BP 10: Posters: Molecular Motors

BP 10.4: Poster

Dienstag, 1. April 2014, 09:30–12:30, P1

Bimodal transport in a system of active and inactive kinesin-1 motors — •Lara Scharrel1,2, Rui Ma3, Frank Jülicher3, and Stefan Diez1,21B CUBE - Center for Molecular Bioengineering, Technische Universität Dresden, Germany — 2Max Planck Institute of Cell Biology and Genetics, Dresden, Germany — 3Max Planck Institute for the Physics of Complex Systems, Dresden, Germany

Long-range directional transport in cells is facilitated by microtubule-based motor proteins. One example is transport in a neuron where groups of motor proteins, such as kinesin-1 and cytoplasmic dynein, ensure the supply and clearance of cellular material along the axon. Defects in axonal transport have been linked to Alzheimer and other neurodegenerative diseases. However, it is not known how in detail multi-motor transport is impaired if a fraction of motors is defective. To mimic impaired multi-motor transport in vitro, we performed gliding motility assays with varying fractions of active kinesin-1 and inactive kinesin-1 mutants. We found that impaired transport manifests in multiple motility modes: (i) a fast mode with gliding at single-molecule velocity, (ii) a slow mode with gliding at close-to zero velocity or stopping, and (iii) a mode with switches between fast and slow mode.
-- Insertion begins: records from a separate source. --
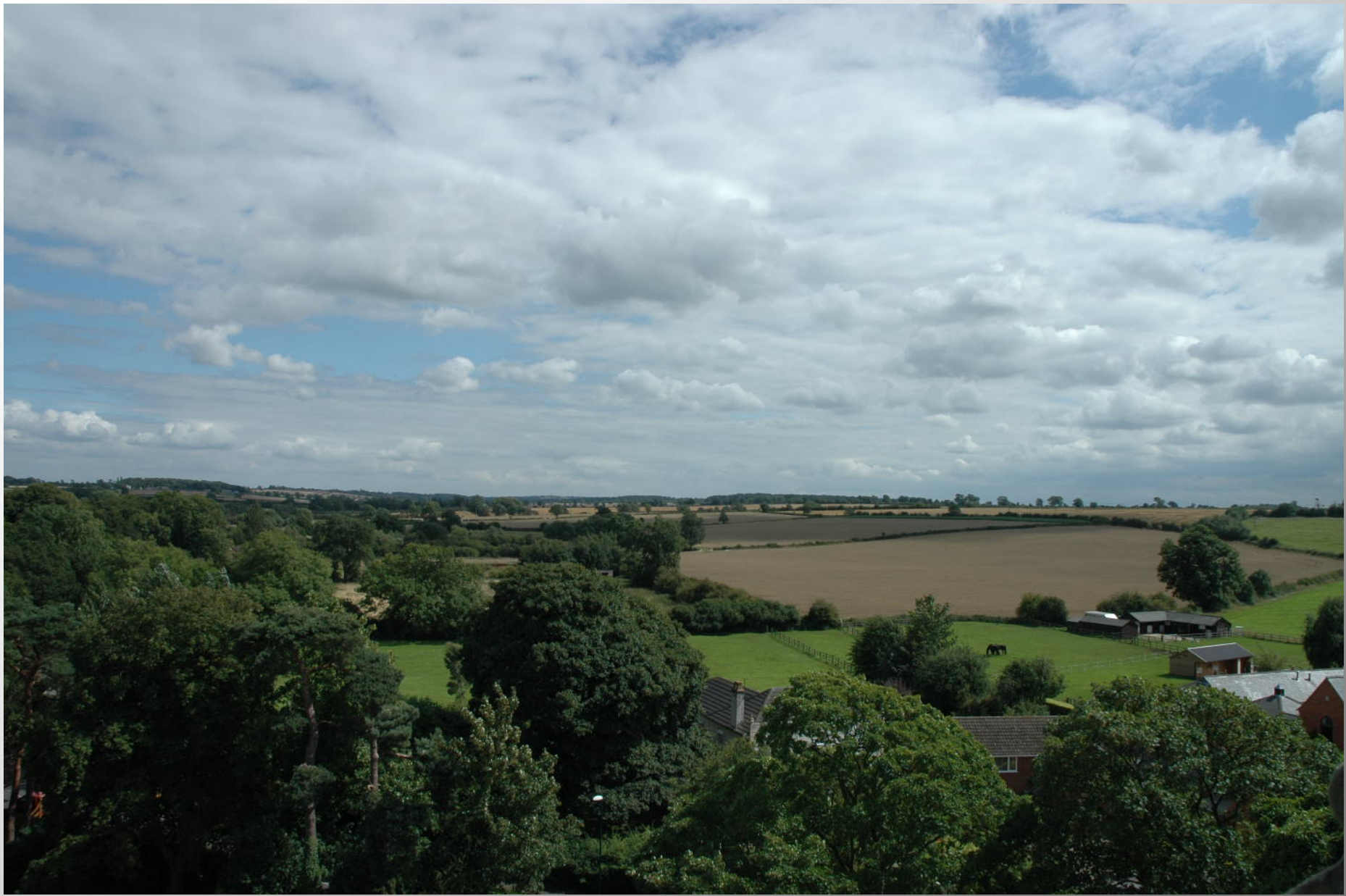
The panorama from the top of the tower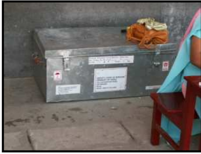
Electronic Voting Machines Packing shows that it is supplied by India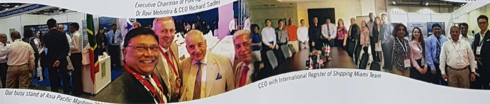
CEO with International Register of Shipping Miami Team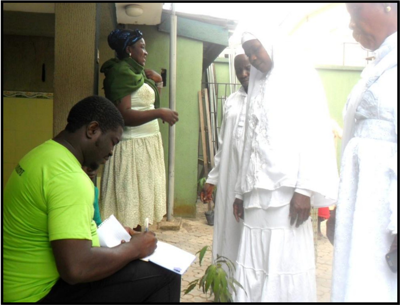
CONGREGANTS REGISTER THEIR NAMES AND PICK A TREE SEEDLING.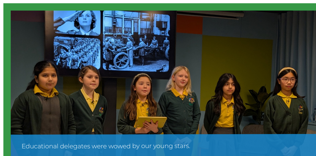
Educational delegates were wowed by our young stars.

“We are immensely proud of their achievements and the way they represented our school community on such a prestigious platform,” he said.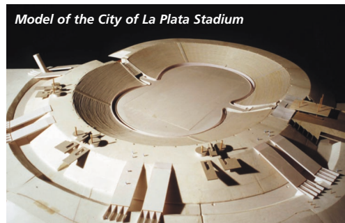
Model of the City of La Plata Stadium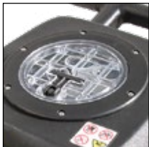
Clear recovery tank lid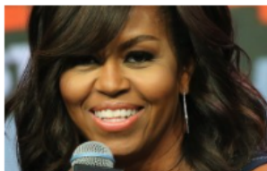
Michelle Obama Talks Helping Melania Trump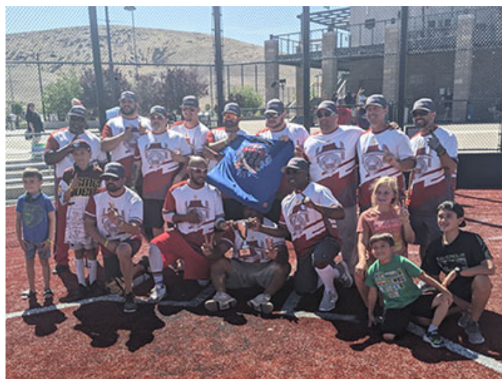
Game Over (CA) Men's 40 AAA Champions

In the three-team Men's 40 AAA Division, top seed Game Over (CA) went 2-0 in bracket play, including a 29-25 win over NFL2G (CA) in the championship game.

Notably, the transition from fast to slow mode occurred at a threshold fraction of active motors. Furthermore, we developed a theoretical description which explains the bimodal motility as well as the sharp transitions between fast and slow motility. Our results demonstrate that, depending on the fraction of active motors, impaired multi-motor transport is either performed close to full speed or is out of action.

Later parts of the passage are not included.